Similarly, I will focus more here on formats that can be processed "reasonably efficiently", rather than those focusing on maximizing compression. The primary use cases here are assumed to be for things like network communication and storage of game assets.
Note: I am not presently certain whether this is a "good" topic, or if it is presented adequately. Maybe it should be split up into multiple parts? (As-is, it is a little long).
Byte-Oriented Formats
These are generally much simpler than bit-oriented formats.

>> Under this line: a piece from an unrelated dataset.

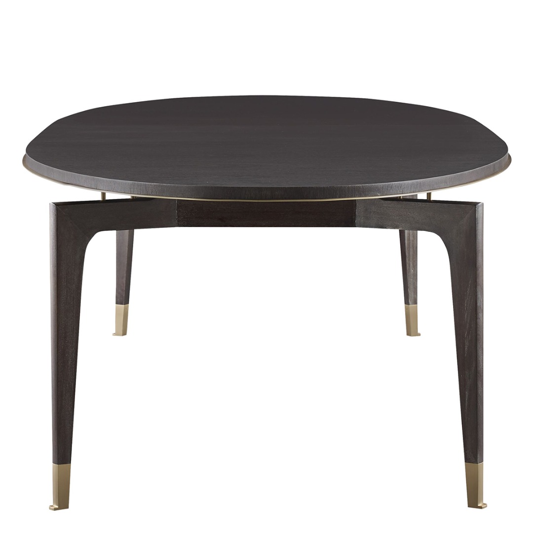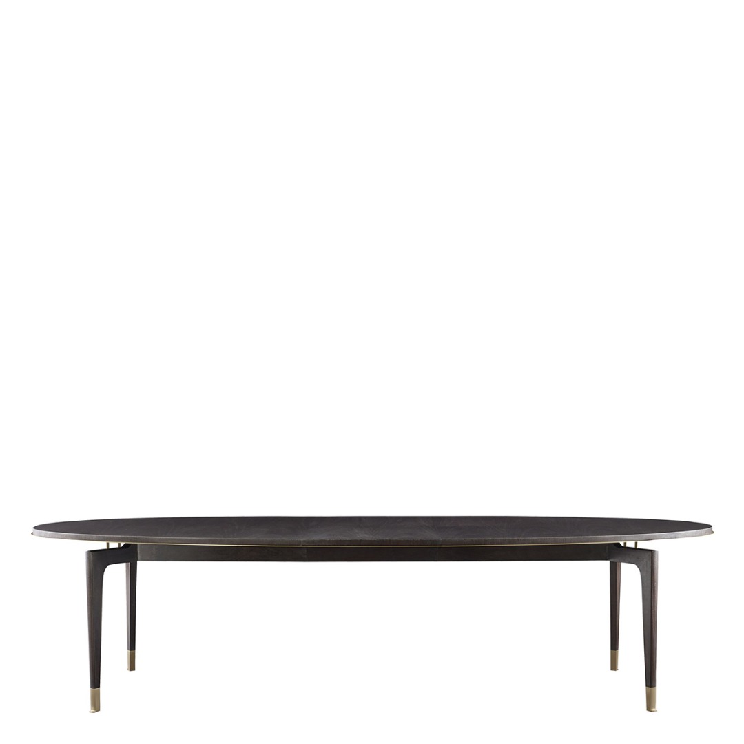 Standard finish in Caviar or Luxy. Other finishes available. Metal details in bright bronze. Made with Mahogany solids adn Mahogany veneers. One filler 56cm wide enables table to open to 300cm long.

In the vast majority of cases, a byte-oriented format is likely to be sufficient for most general data storage needs, with bit-oriented formats more left for cases where either the data is overly bulky, or where there is significant need to minimize storage.
Generally, handling of byte-oriented data tends to be faster than that of handling bit-oriented data.
Within the confines of bytes there are still a few things that can be done to reduce storage requirements:
- Variable-Length Numbers;
- Encoding more items in less bytes.
Additionally, these are more fundamental in the sense that most bit-oriented formats will still usually require some sort of byte-oriented packaging format (such as using a TLV format to hold things like headers and similar).
Additional issues to consider:
- Flexibly representing data structures and allowing for future expansion;
- Allowing for seeking or resynchronization in stream oriented formats;
- Allowing for things like random access to (potentially compressed) data.
Variable Length Numbers
One simple trick for saving bytes is based on a pattern:
Small numbers tend to be more common than big numbers.
So, rather than always using 2, 4, or 8 bytes for a number, it may instead be practical to use less bits when it is practical to do so.
A fairly common scheme is to have small values represented as a single byte, with the high-order bit(s) used to indicate when the value is larger than a single byte.
For Example:
0-127 -> 0xxxxxx
128-16383 -> 10xxxxxx xxxxxxxx
16384-2M -> 110xxxxx xxxxxxxx xxxxxxxx
...
Another variant is using the high bit in each byte to indicate that the following byte contains more bits:
0-127 -> 0xxxxxxx
128-16383 -> 1xxxxxxx 0xxxxxxx
16384-2M -> 1xxxxxxx 1xxxxxxx 0xxxxxxx
...
With it then being specified whether the bytes come in high-low or low-high order.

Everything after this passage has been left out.